Wednesday, January 25, 2012

Prodigal Son: In Tune

Part Seventeen

    Music can make all the difference in the world in a movie.  It holds that it can make a lot of difference in a game.  Mood music, when used effectively can strongly enhance the roleplaying experience.  What you use, and how you use it is largely determined by the specific game.  Still, there are some general guidelines you can use. 

    First, you should find music appropriate to the specific game.  If, for example, you’re running a game of Call of Cthulhu, set in the default year of 1927, you might search for some radio hits of the era, some light classical music, or early jazz.  However, if you are running a game of Star Wars, it might be more appropriate to find some ambient electronica or again, classical.  For Ars Magica, I lean toward Gregorian chant or some of the more ‘primitive’ sounding music of Europe, including some of the Norse Revival or Celtic Revival of the last 30 years or so.  I especially like Hedningarna for this.  But there are several other good options, and I’m sure plenty I don’t know about. 

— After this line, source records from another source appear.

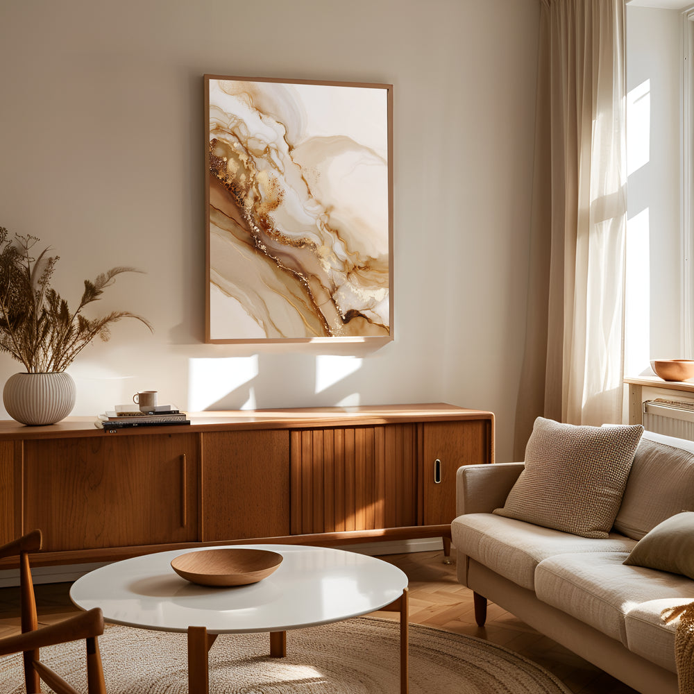 En plakat der bringer varme og lys ind i dit hjem. De gyldne årer i kombination med bløde beige nuancer skaber et elegant og roligt udtryk, der gør sig smukt i både stuen, spisestuen og soveværelset.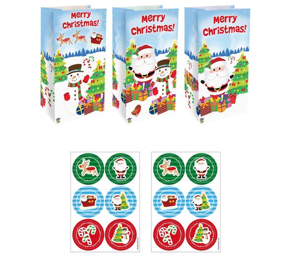 Merry Christmas Festive Paper Party Bag with Stickers (13 x 25 x 8cm) (3 asstd. Designs) (NEW)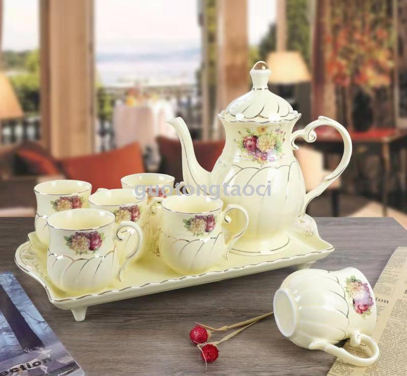 - 景德镇新款水具咖啡具带瓷托单壶陶瓷杯创意礼品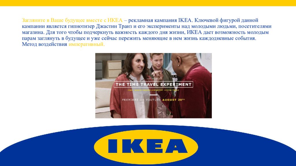 Слайд 7: Загляните в Ваше будущее вместе с ИКЕА – рекламная кампания IKEA. Ключевой фигурой данной кампании является гипнотизер Джастин Транз и его эксперименты над молодыми людьми, посетителями магазина. Для того чтобы подчеркнуть важность каждого дня жизни, ИКЕА дает возможность молодым парам заглянуть в будущее и уже сейчас пережить меняющие в нем жизнь каждодневные события. Метод воздействия императивный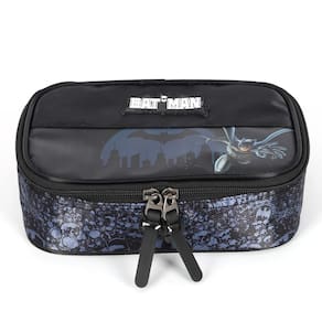 Estojo Escolar Box Batman Luxcel Preto   Estojo Escolar Box Batman Luxcel é prático e ideal para quem possui muitos lápis, canetas, borrachas e outros materiais. Ele facilita na organização do seu material no dia a dia, possui material resistente e estruturado.   Perfeito para o dia-a-dia e com espaço interno generoso de 36 elásticos, o estojo permite que os seus materiais de escrita sejam guardados e organizados facilmente, mantendo-se acessíveis e prontos para quando a inspiração bater   O Estojo Batman é conhecida pela qualidade e design de seus produtos, e este estojo não é exceção. Com sua capacidade e estilo, é uma escolha perfeita para o uso escolar ou juvenil.   Características do Estojo Escolar: - 1 Compartimento espaçoso com 36 elásticos para canetas e lapis - Fecho com zíper personalizado - Estampa Batman  - Modelo Unico e Exclusivo - Material: 70% Poliéster 30% PVC - Material Forro: 100% Poliéster   Dimensões do Estojo Escolar: - Altura: 5 cm - Largura: 21 cm - Profundidade: 15 cm   Conteúdo: - 1 Estojo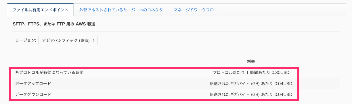 注意点! SFTP サーバは作成されているだけで以下の料金がかかってしまうので気をつけてください。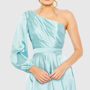 Mac Duggal 49141 Blue Long Sleeve One Shoulder Satin High Low A-line Gown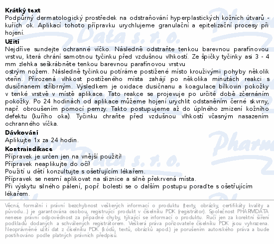 Podpůrný dermatologický prostředek na odstraňování hyperplastických kožních útvarů - kuřích ok. Aplikací tohoto přípravku urychlujeme granulační a epitelizační procesy při hojení.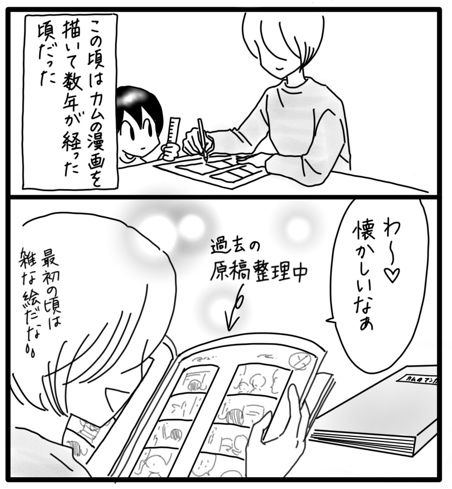 障害児カムのことばの話 21 2022年07月10日 ※このお話はカムが小学生の頃のお話です漫画を描き始めたのはカムが小学生になる少し前。この頃は漫画歴数年経っており、インスタにも投稿し始めた頃だったと思います。その時は何気なく記録したのですが後から見返すといろんな答えが見つかる。記録って大事だなと実感します。さて私が見つけたものとは!?次回に続く ▼続きを読む▼ ▽最初から読む▽ ***** 「日常」カテゴリの最新記事 タグ :#漫画#育児漫画#育児記録#コミックエッセイ#障害児育児#発達障害#知的障害#子育て#難聴#手話 < 前の記事次の記事 > コメント コメント一覧 (4) 1. 櫛田千春 2022年07月10日 20:53 少しの手話でも カム君的にオッケーなんですね。 痛い‼️は知らせて欲しいですけど・・・さて?衝撃の発見とは? 体調戻りましたか?無理されませんように‼️ 0 しおり がしました 3. Shiori 2022年07月14日 19:11 >>1 体調不良を知らせる事はなんとか習得してもらいたい! なかなか難しいんですけどね😅 0 しおり がしました 2. ともすけ 2022年07月12日 16:20 最後のコマのしおりさんの目がカムちゃんの目になってる! 何を見つけたのか気になるっ 0 しおり がしました 4. Shiori 2022年07月14日 19:13 >>2 過去の記録って大事ですね! 色々と発見があります😁 さて、何を見つけたのか… 0 しおり がしました このブログにコメントするにはログインが必要です。 さんログアウト この記事には許可ユーザしかコメントができません。 コメントフォーム 名前 コメント 記事の評価 リセット リセット 顔 星 情報を記憶 コメントを投稿する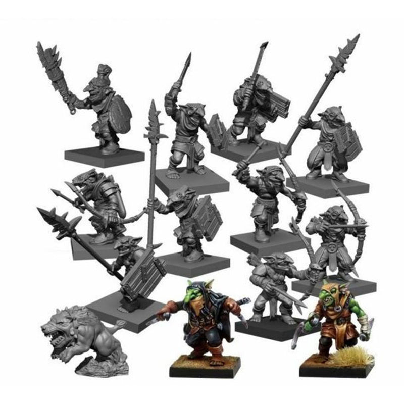 Small, unpleasant and spiteful, Goblins are utterly separate from their green skin cousins, the Orcs. Goblins are not only smaller and less imposing but also far cleverer and more dexterous. They might not beat you in a straight fight, but to underestimate even a small force of Goblins would be a grave mistake. Contains: 10x BRAND NEW Hard Plastic Goblins 2x Hard Plastic Mawbeasts 1x Resin Stinggit 1x Resin Sneak, Bases Vanguard Cards Please Note: One Goblin Warband Set supplied. Miniatures are supplied unpainted and some assembly may be required.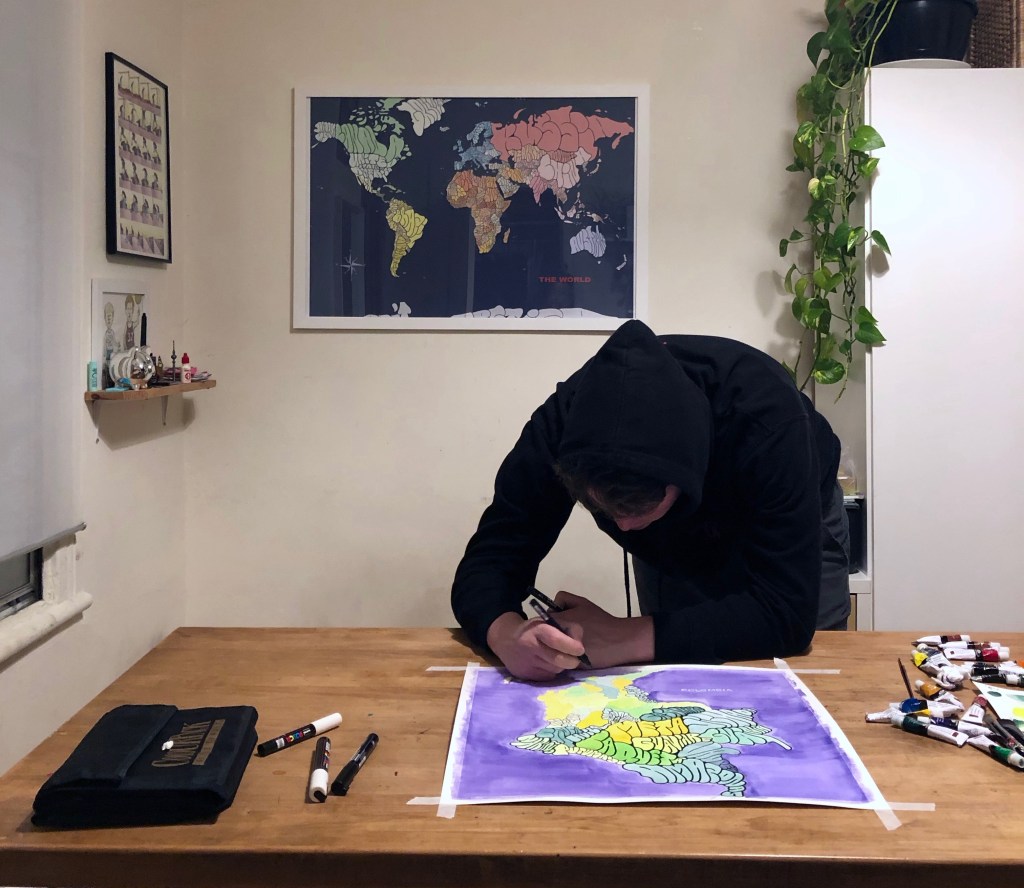 On the 6th of November I sat down with Charles LeMoyne, creator of Island Maps, an ongoing series of graffiti-esque interpretations of country, city and state maps illustrated in the confines of a border’s boundaries. We spoke about his artistic process, content and the battle of digital vs analog over a couple cans of Sapporo at Park Lafontaine.

    Film soundtracks can be an invaluable resource, but can also be dangerous.  You want something that matches the mood, but don’t want something too recognizable that might pull the players out of whatever they’re doing.  If again, you’re running Star Wars, it wouldn’t be out of the question to play a couple Star Wars scores, but dropping in something from Lord of the Rings, especially one of the more memorable tracks.  One go-to score for any action adventure type game is Stargate.  It’s just generic enough that it sounds vaguely familiar without being easy to identify. 

    Music with words can also be a dangerous prospect.  Too easy to understand, too well known and your players will be singing along or again, not paying attention to the game at hand.  That said, like the clever use of a certain tune in movies, it can work well in a game, too.  I think back to the blazing gun battle in Wild Palms set to The Animals version of House of the Rising Sun.  While tricky, recreating this kind of moment in a game can be most satisfying.  However, once again, appropriate music can be key.  You wouldn’t want to use a hit from the 1970s in 1220s set Ars Magica, for example (unless you really think it’ll work; I just don’t see how it would…but then there’s the whole finale of Battlestar Galactica, which threw all sorts of rules out the window). 

    I’ve found myself collecting a heck of a library of odd, obscure, old, and just interesting music to use for almost any occasion.  From heavy industrial for cyberpunk games, to Tibetan Buddhist chant which is great for creepy science fiction, to Native American flute music for…well, I never really found a good use for that.  Short of using music, one might also use nature sounds that also might seem appropriate. 

    Again, like in movies, if used poorly the music can be a detriment to the overall enjoyment of the game, pulling players out of the proper headspace.  So, be cautious and plan ahead.  But it is worth the effort and can be a fantastic addition to a night of collective storytelling.